Conducting a benchmarking study is an iterative process. After assembling the raw data, the benchmarking team should screen the data carefully to ensure the quality and quantity of information being gathered meet the requirements to allow for a successful project. This process is crucial to the study because poor data quality (inconsistent definitions, missing data or extreme data values) may lead to biased results. Specifically, attention must be paid to the following aspects when investigating raw data and their quality:
- Missing Data
- Accuracy and Comparability of Data Files
After investigating the data, the benchmarking team can assemble the benchmarking dataset. However, the sample size may not be large enough for utilizing sophisticated analysis. When the sample size is too small, the analyst may have to work on expanding the sample size – either by using panel data or conduct international (cross regional) benchmarking.
Missing data is a common problem, which may pose a serious problem for the quality of the benchmarking study for the following reasons.

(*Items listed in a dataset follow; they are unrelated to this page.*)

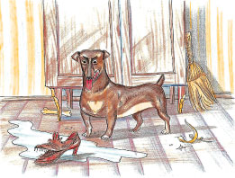 Дома она вела себя сначала неплохо. Мама называла ее «дочкой», а я даже ревновал и сердился: «Разве она мне сестра?» Только собака почему-то отказывалась гулять на поводке, все норовила удрать. Кроме того, злюка была ужасная. Кусалась и рычала по поводу и без повода. Кора могла с удовольствием поиграть с нами, побегать за мячиком или палочкой и обожала копать норки. Норки были ее главной страстью. Норки и грязь. Дома играть специально купленными игрушками Кора не хотела, а развлекалась тем, что грызла обувь и ножки мебели. Сгрызла так, что шкаф чуть не рухнул! Очень полюбила нашего кота Кузю, таскала его за шкирку по всем комнатам, общипала его так, что он потом за год шубу отрастить не смог, так и ходил ощипанный. Жили они дружно, совсем не как кошка с собакой. А потом Кора подросла и папа сказал, что она становится опасной. Папа взялся за дрессировку. У папы было много собак, и даже очень серьезные немецкие овчарки, но вот с Корой он справиться не мог. У него даже руки опустились, ну никак не хотела Кора становиться цивилизованной, домашней собакой! А потом по Интернету вычитали, что ягд-терьеры совершенно непригодны для домашнего или комнатного содержания! И все стало ясно: собака не домашняя, а охотничья.
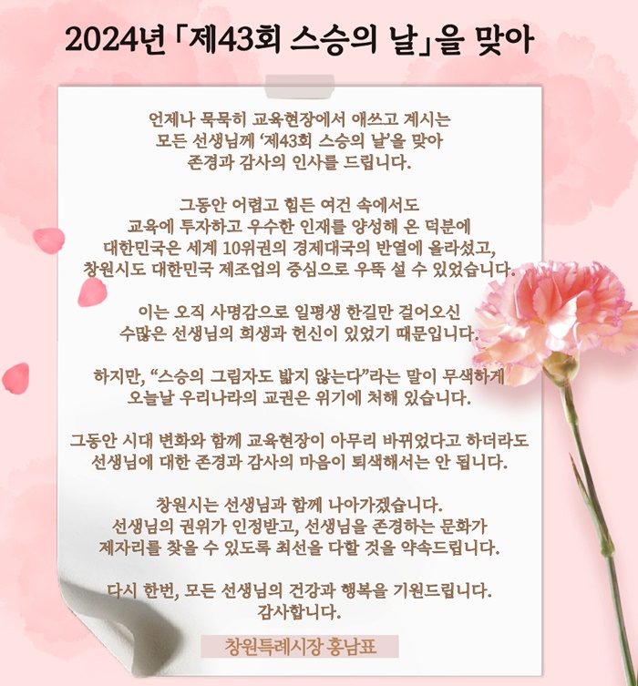 È« ½ÃÀåÀº “±×µ¿¾È ¾î·Æ°í Èûµç ¿©°Ç ¼Ó¿¡¼µµ ±³À°¿¡ ÅõÀÚÇϰí ÀÎÀ縦 ¾ç¼ºÇØ ¿Â ´öºÐ¿¡ â¿ø½Ã°¡ ´ëÇѹα¹ Á¦Á¶¾÷ÀÇ Áß½ÉÀ¸·Î ¿ì¶Ò ¼³ ¼ö ÀÖ¾ú°í, ÀÌ´Â ¿ÀÁ÷ »ç¸í°¨À¸·Î ÀÏÆò»ý Çѱ游 °É¾î¿À½Å ¼ö¸¹Àº ¼±»ý´ÔÀÇ Èñ»ý°ú Çå½ÅÀÌ ÀÖ¾ú±â ¶§¹®ÀÌ´Ù”¸ç Ç×»ó ´õ ³ªÀº ±³À°°ú ÇлýµéÀÇ ¹Ù¸¥ ¼ºÀåÀ» ÀεµÇϱâ À§ÇØ ³ë·ÂÇÏ´Â ±³À° ÇöÀåÀÇ ¼±»ý´Ôµé¿¡°Ô °¨»ç¿Í Á¸°æÀÇ ¶æÀ» Ç¥Çß´Ù.
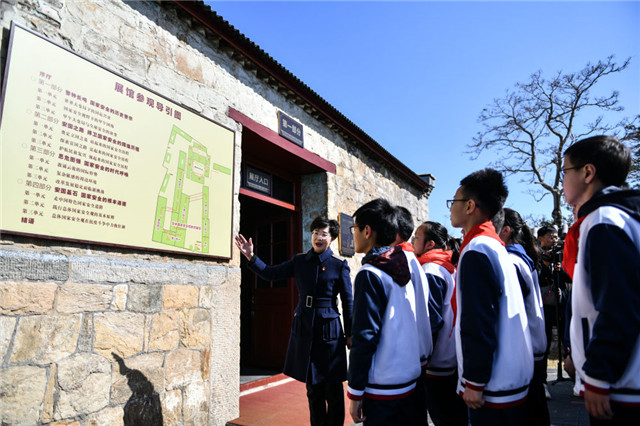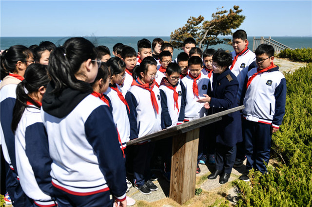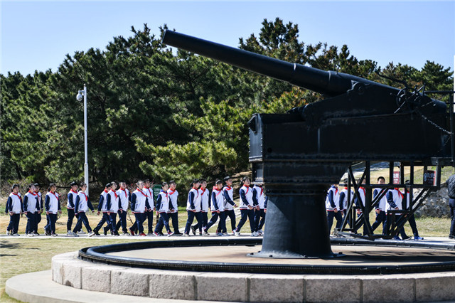 4月13日,学生在总体国家安全观刘公岛教育培训基地参观东泓炮台旧址。

- Sample size: Missing data will reduce the sample size. As mentioned above, a reasonable sample size is necessary for conducting sophisticated frontier benchmarking models.

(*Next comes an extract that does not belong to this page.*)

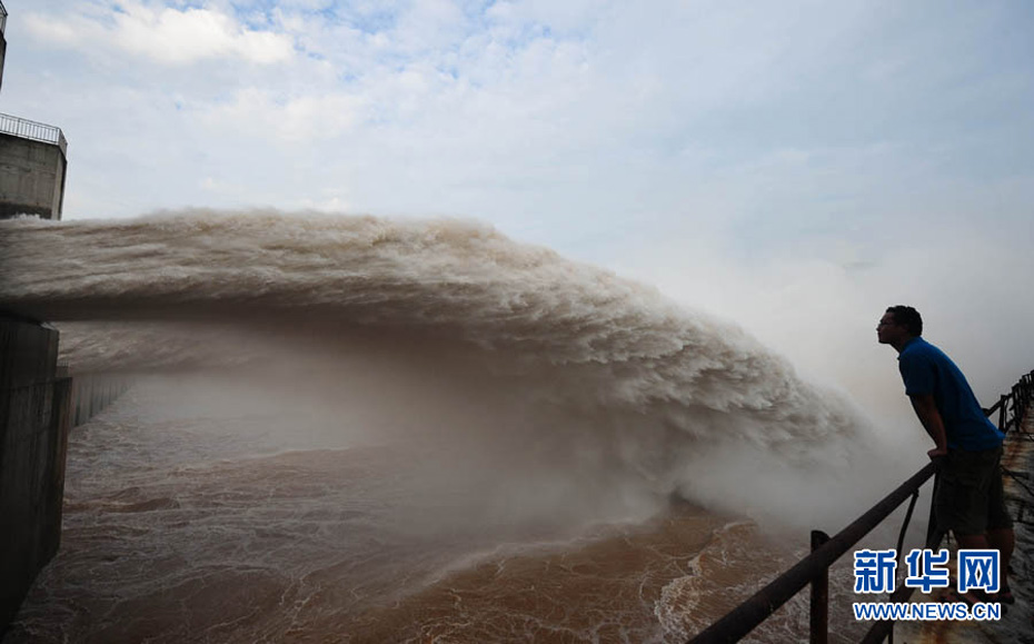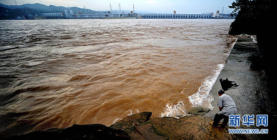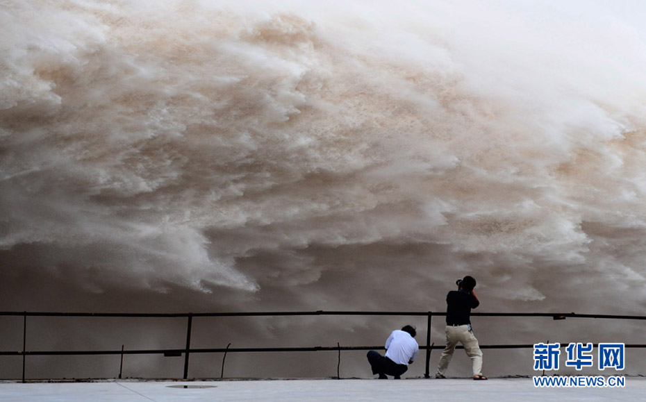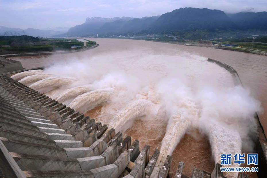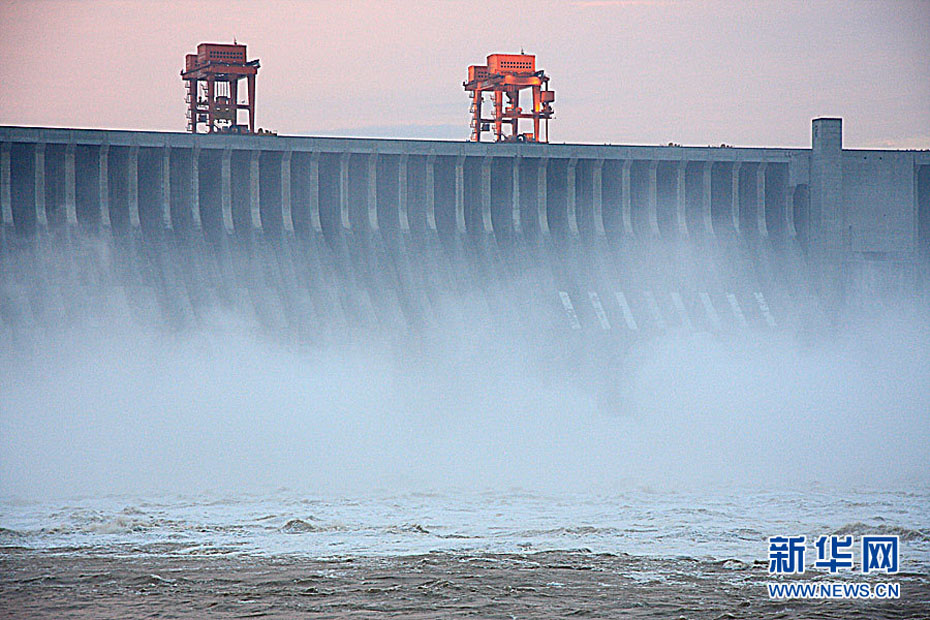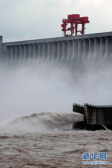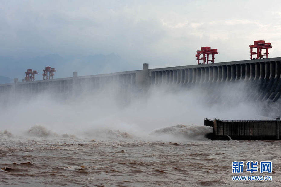 7月20日8時,峰值為7萬立方米/秒的洪水抵達(dá)三峽大壩。這是三峽工程建成后的首次大規(guī)模洪峰。大壩共開啟9個泄洪深孔,將洪水下泄流量控制在4萬立方米/秒左右,削減了4成多的洪峰下泄流量。中新社發(fā) 劉良偉 攝

- Non-random missing data: The missing data may be non-randomly distributed. For example, data providers (utilities) could have accidentally forgotten to supply data (i.e., randomly distributed missing data) or they could have intentionally not provided the data (i.e., non-random missing data). The non-random missing data will influence the statistical inferences because the observed sample will be a reduced sample of the true sample.

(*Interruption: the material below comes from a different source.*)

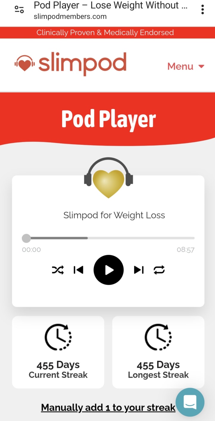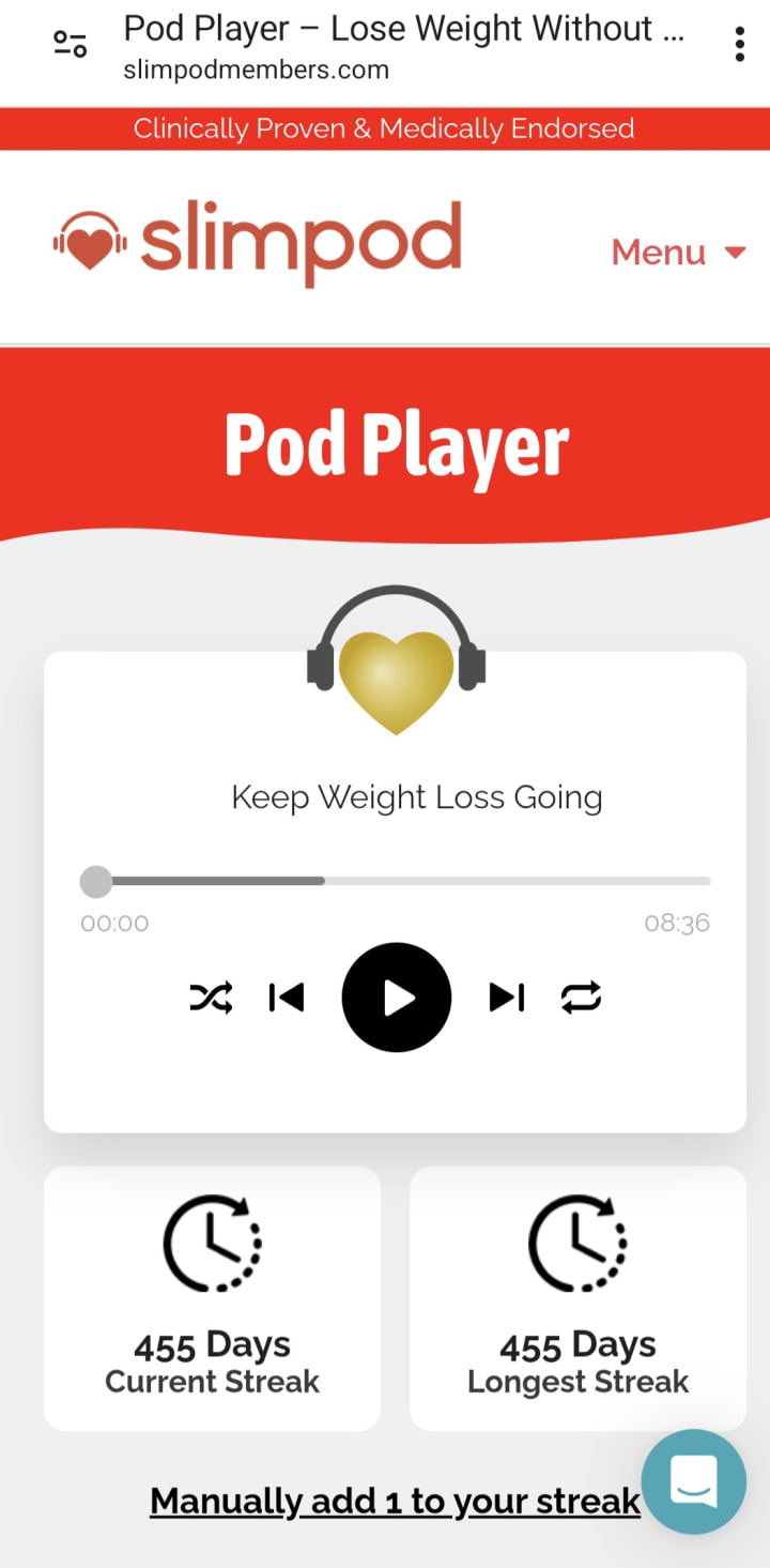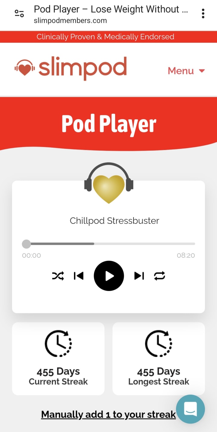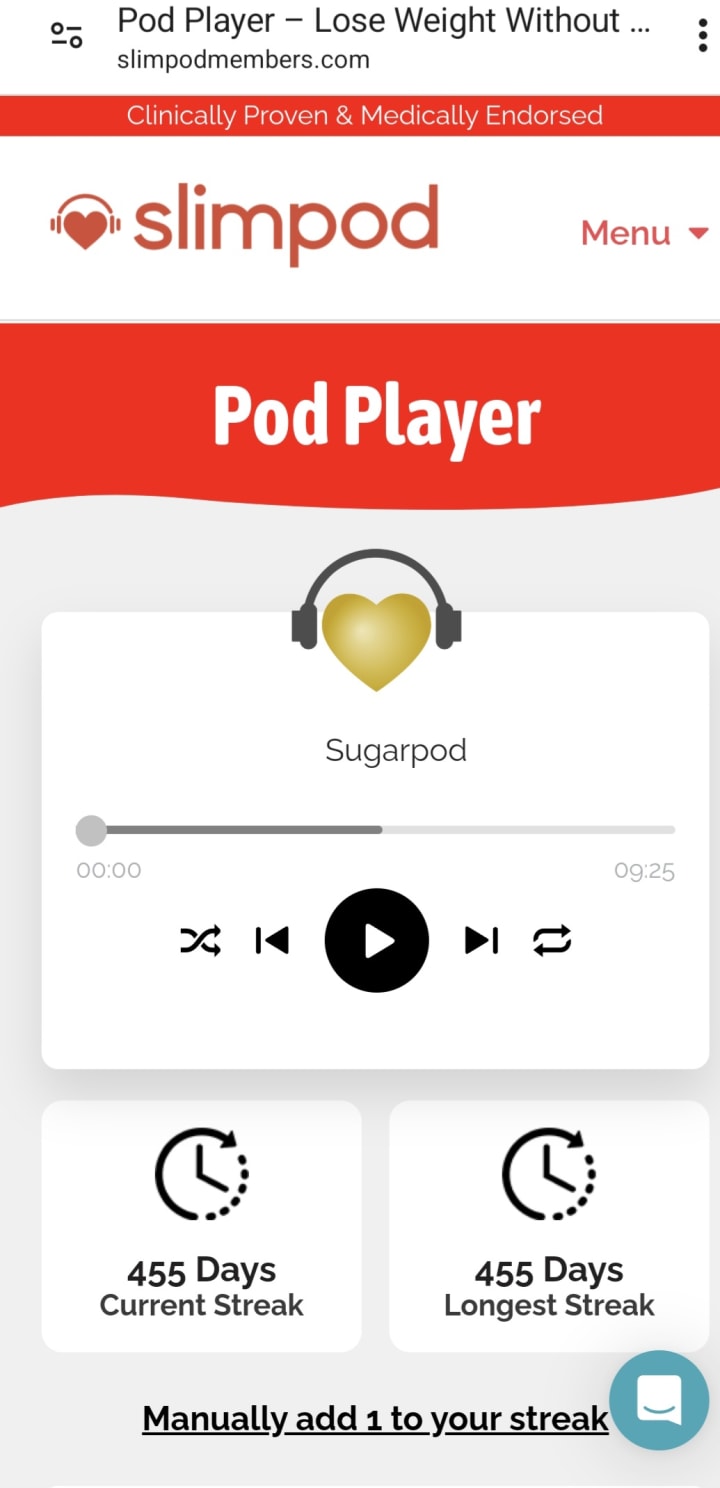 I currently use Slimpod for weight loss. I listen to pods every night. The first one I listen to is a Chillpod Stressbuster relaxation pod. You can listen to it during the day, at night, or whenever it suits you. I listen to it before I go to sleep and then, I listen to the Slimpod for Weight Loss pod which enhances my mind and makes me fall asleep. It works like a hypnosis that trains your mind not to overeat. I also listen to a Sugarpod, a Keep Weight Loss Going, and a Fitpod Motivator recording whenever I want daily. These are downloaded to your mobile phone and have them wherever you go.
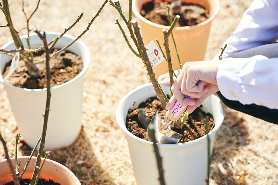 横浜キャンパスでさまざまな企画を展開している学生と教職員の活動「横浜キャンパスプロジェクト」とも協力し、「明治学院大学ボランティアファンド学生チャレンジ」から費用の援助を受けて今回の植樹が実現。当日は、横浜在住の本学卒業生でもある、日本原水爆被害者団体協議会事務局次長の和田征子さんが来学くださり、お話会も開催しました。現在、5鉢のバラがメンバーの世話を受けて育っています。ピンクの花が咲くのが楽しみです。

- Remedies: There are three ways to address the missing data problem:
- Delete the observations with missing values for variables, with the effect that it will reduce the sample size;
- Estimate (impute) missing values using existing observations and then use the estimated values in the data analysis, which may be inappropriate when the missing data is not at random
- Ask the utility to provide the missing data.
Accuracy and Comparability of Data Files
Before moving into formal statistical analysis, it is helpful to engage in preliminary data checks of the computerized file:
- Reduce data entry errors: Compare the computerized data set with the original data set to make sure that the data have been entered correctly.
- Prepare summary statistics: Summary statistics include the mean (or average) median, standard deviation, and minimum and maximum values of the key variables. Based on the summary statistics, analysts need to make sure that the utilities in the sample are really comparable to one another. For example, is utility A really comparable to utility B which is 100 times larger than A?
- Calculate key ratios: Prepare summary statistics for key ratios such as water delivered/employee and OPEX/water delivered. Pay attention to firms with extremely large or small ratios. There might be some data input errors for these firms or they may have different organizational structures (e.g., outsourcing),
- Ensure comparability of data definitions: Check the definitions of the key variables to make sure that they are really comparable. For example, does the number of employees refer to full time employees, part time employees, or total employees? Is the definition of operating cost similar across firms? In some cases, number of customers may not be a good output variable due to significant differences in service continuity. For instance, let company A’s number of customers be 1000 and average service time 4 hours/day. Company B’s number of customers is 600 and the average service time is 24 hours/day. In this case, the adjusted customer number (reflecting service hours) might be a better output measure, depending on the structure of the model.
- Recognize unique events or characteristics: Some special events such as natural disasters may have significant impacts on operating costs and service quality indicators. If the impact is severe, it is better to exclude the observation from the sample in that year. Similarly, a utility located near a water source and one requiring substantial investments in water storage and transport will have different costs. Such differences should be incorporated into the analysis.